> What to do
The line with "drink per day? |" marks the first line to copy, and the line with "1920s Silver Aventurine" marks the last. Transcribe that stretch of the data below exactly, without pictures.

[Records excerpted from a collection]
■ ■ ■ ■
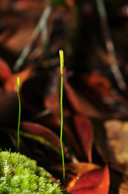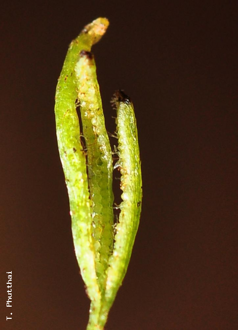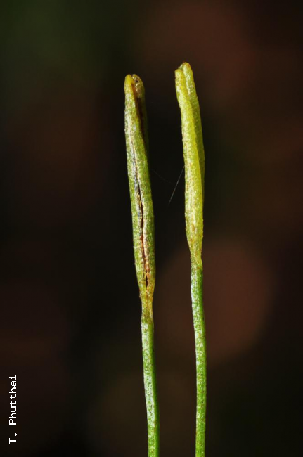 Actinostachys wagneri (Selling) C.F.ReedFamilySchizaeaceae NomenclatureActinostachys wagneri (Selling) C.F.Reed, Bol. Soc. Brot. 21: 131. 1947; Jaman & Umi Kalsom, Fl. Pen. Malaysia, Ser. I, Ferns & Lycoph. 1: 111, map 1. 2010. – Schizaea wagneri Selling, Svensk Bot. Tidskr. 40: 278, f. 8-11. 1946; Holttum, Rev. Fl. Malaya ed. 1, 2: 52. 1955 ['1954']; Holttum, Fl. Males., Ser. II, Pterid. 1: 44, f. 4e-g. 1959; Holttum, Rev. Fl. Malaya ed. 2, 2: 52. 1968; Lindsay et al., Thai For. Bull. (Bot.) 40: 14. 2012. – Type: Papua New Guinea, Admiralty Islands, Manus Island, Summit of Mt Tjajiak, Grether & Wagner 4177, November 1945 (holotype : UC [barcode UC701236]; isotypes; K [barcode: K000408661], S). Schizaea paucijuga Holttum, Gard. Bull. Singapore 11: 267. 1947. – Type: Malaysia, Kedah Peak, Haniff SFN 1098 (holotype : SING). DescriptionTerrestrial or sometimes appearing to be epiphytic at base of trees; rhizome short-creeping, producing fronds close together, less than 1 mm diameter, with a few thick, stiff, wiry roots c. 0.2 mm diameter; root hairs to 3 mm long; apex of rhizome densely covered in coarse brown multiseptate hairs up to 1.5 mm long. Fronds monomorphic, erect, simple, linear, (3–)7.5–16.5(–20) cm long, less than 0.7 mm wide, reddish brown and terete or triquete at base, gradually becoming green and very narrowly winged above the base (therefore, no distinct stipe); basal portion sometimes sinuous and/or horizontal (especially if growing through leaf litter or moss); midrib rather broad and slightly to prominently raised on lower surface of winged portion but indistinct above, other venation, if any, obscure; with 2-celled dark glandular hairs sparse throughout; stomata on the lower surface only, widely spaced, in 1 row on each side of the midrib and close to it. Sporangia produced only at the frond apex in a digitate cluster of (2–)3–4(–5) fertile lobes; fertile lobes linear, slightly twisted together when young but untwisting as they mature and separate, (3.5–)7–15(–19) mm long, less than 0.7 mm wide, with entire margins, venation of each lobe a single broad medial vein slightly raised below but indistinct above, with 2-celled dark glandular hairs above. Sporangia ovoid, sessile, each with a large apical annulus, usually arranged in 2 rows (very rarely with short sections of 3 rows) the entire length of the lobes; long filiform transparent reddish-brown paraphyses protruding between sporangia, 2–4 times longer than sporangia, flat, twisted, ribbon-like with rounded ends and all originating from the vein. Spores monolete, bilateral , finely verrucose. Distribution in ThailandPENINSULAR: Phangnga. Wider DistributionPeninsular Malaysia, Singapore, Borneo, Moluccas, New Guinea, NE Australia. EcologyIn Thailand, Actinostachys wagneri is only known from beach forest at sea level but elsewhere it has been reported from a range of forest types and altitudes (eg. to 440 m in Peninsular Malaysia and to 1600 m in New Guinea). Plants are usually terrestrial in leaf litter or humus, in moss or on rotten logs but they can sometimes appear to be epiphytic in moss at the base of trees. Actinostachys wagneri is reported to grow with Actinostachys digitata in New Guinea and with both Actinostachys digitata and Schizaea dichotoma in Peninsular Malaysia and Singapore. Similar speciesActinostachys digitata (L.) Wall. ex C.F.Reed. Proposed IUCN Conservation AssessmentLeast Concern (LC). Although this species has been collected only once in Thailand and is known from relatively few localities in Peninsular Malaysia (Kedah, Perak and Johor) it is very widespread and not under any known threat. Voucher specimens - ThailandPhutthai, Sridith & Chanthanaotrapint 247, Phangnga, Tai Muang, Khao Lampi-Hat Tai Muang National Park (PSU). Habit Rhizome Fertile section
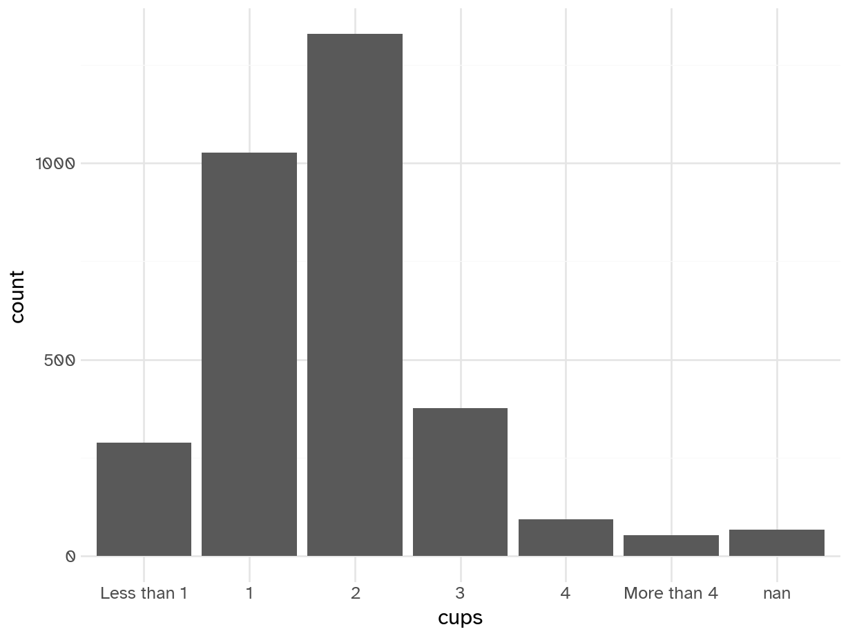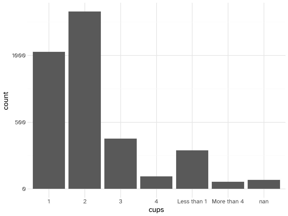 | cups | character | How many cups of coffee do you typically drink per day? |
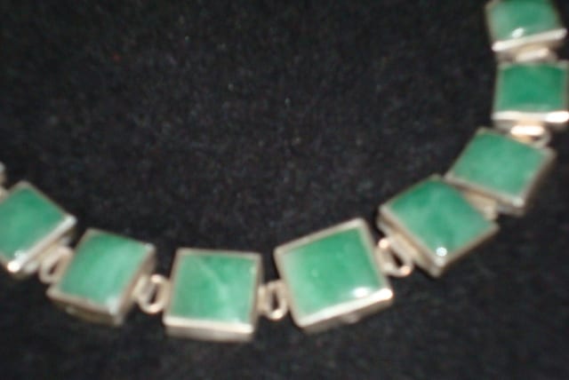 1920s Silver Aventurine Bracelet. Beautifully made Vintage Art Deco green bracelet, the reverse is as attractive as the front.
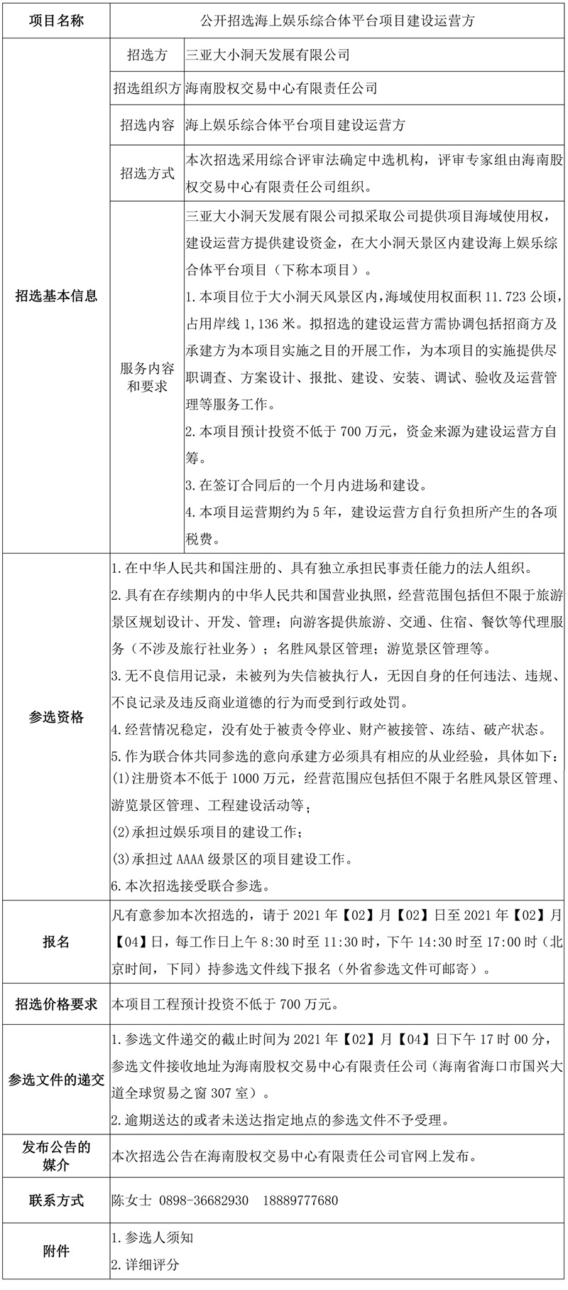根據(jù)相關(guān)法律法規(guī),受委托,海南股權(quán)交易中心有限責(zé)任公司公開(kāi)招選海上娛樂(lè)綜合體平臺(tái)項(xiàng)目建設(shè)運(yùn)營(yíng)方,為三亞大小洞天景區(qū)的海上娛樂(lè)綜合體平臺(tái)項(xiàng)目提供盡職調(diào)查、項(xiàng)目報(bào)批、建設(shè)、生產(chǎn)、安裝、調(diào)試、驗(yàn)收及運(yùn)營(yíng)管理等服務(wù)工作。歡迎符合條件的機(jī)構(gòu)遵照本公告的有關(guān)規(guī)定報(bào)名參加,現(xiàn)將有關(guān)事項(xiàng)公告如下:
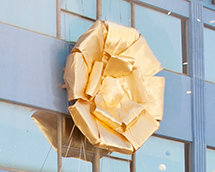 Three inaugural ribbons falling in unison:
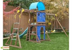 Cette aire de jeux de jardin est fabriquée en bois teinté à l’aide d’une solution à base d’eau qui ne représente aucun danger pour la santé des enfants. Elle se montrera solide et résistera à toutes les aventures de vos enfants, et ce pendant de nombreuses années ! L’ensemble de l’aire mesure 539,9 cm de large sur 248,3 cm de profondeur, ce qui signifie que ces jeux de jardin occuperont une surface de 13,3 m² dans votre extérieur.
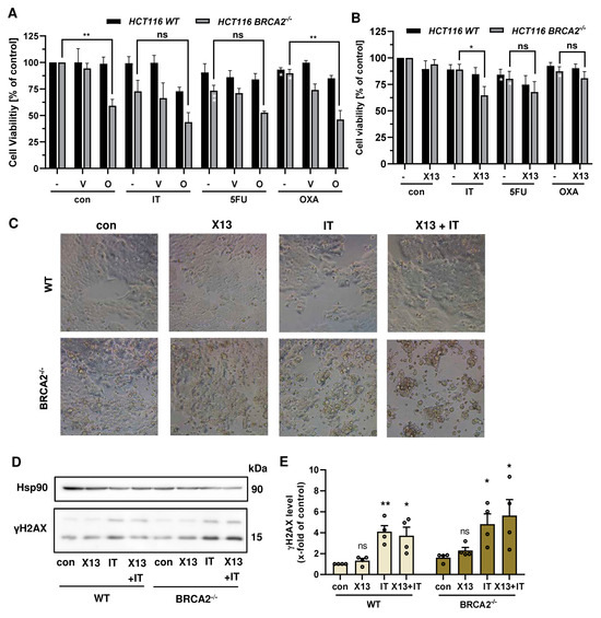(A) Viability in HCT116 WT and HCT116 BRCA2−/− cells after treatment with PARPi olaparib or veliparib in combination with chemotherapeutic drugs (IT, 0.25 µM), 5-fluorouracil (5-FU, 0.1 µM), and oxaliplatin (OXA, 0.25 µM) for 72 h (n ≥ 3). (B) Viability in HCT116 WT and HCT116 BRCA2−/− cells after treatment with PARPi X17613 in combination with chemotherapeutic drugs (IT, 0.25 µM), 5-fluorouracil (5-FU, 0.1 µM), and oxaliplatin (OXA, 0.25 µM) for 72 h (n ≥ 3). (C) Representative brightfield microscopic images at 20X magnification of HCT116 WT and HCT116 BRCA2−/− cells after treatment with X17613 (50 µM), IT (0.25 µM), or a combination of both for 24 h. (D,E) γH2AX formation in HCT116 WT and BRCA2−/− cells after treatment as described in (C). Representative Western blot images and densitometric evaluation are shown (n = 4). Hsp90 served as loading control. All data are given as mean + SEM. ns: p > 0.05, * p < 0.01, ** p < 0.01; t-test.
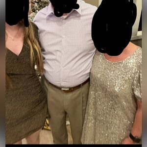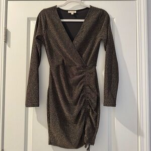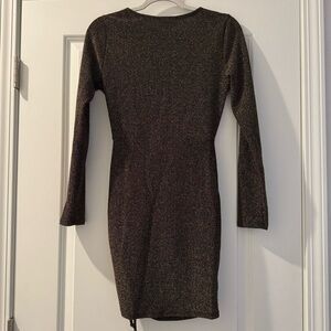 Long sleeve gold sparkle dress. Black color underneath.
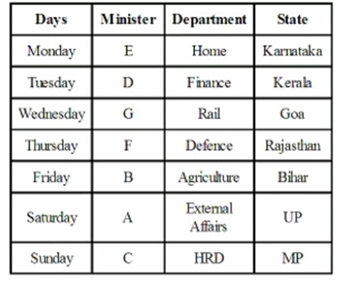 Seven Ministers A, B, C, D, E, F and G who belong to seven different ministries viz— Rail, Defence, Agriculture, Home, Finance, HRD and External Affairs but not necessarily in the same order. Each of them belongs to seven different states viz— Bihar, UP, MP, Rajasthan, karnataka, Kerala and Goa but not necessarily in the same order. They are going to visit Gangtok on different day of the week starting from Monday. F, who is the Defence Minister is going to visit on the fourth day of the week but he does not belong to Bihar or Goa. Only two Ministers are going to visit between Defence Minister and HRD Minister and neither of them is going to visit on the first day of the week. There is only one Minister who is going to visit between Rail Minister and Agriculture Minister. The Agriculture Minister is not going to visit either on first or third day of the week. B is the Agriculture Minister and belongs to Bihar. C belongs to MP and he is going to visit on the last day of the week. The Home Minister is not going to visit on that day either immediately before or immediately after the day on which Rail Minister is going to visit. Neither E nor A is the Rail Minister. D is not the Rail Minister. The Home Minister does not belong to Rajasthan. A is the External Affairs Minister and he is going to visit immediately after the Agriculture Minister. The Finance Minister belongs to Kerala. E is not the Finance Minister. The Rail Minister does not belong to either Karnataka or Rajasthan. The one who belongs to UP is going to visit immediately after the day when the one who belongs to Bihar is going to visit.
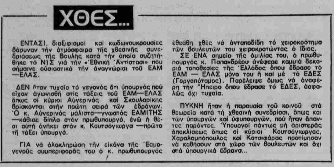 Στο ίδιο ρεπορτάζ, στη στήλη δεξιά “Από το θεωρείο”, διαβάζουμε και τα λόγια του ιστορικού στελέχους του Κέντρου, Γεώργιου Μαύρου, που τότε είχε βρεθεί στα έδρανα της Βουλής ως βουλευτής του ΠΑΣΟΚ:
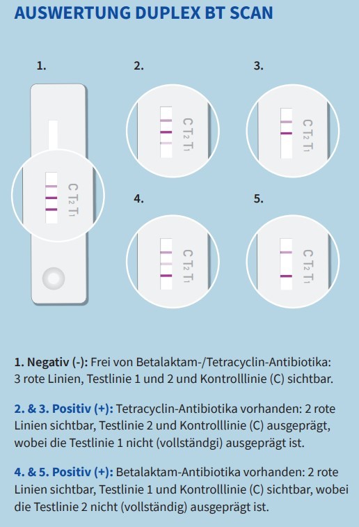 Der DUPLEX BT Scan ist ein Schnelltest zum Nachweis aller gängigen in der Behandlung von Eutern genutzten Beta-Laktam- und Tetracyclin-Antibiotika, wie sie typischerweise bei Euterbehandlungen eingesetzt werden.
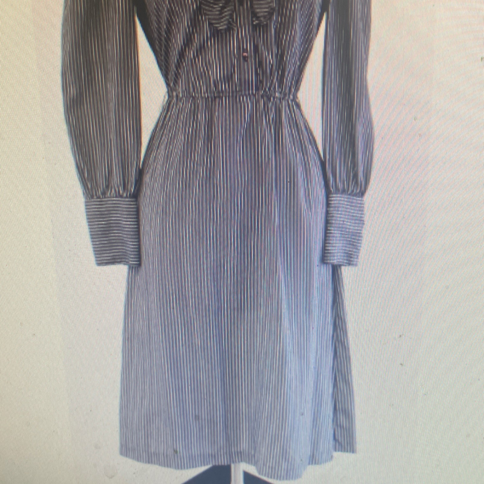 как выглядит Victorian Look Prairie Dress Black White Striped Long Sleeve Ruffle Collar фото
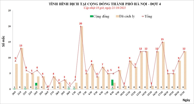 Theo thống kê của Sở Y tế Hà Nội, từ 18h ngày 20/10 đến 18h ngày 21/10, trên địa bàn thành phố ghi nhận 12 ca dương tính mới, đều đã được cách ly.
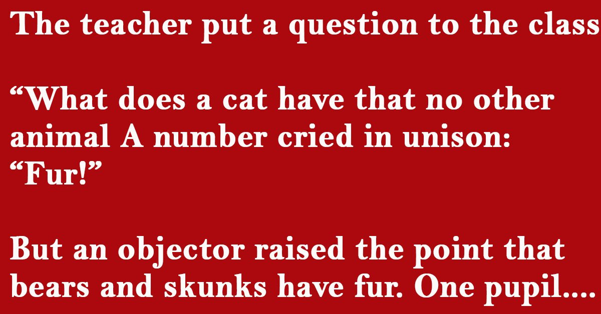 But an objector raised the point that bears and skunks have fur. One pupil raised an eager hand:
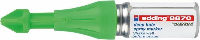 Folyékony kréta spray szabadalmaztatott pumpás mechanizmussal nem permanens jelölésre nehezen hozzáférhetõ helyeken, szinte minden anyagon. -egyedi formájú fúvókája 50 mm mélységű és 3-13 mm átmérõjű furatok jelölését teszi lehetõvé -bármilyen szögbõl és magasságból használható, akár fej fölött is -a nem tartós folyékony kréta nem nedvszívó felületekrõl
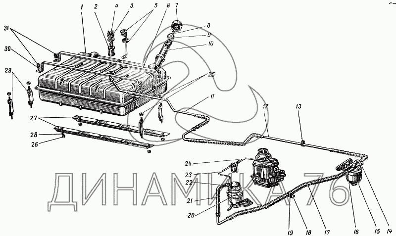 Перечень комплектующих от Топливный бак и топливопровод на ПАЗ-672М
■ ■ ■ ■
> Solution to the problem
 | cups | character | How many cups of coffee do you typically drink per day? |
 1920s Silver Aventurine Bracelet. Beautifully made Vintage Art Deco green bracelet, the reverse is as attractive as the front.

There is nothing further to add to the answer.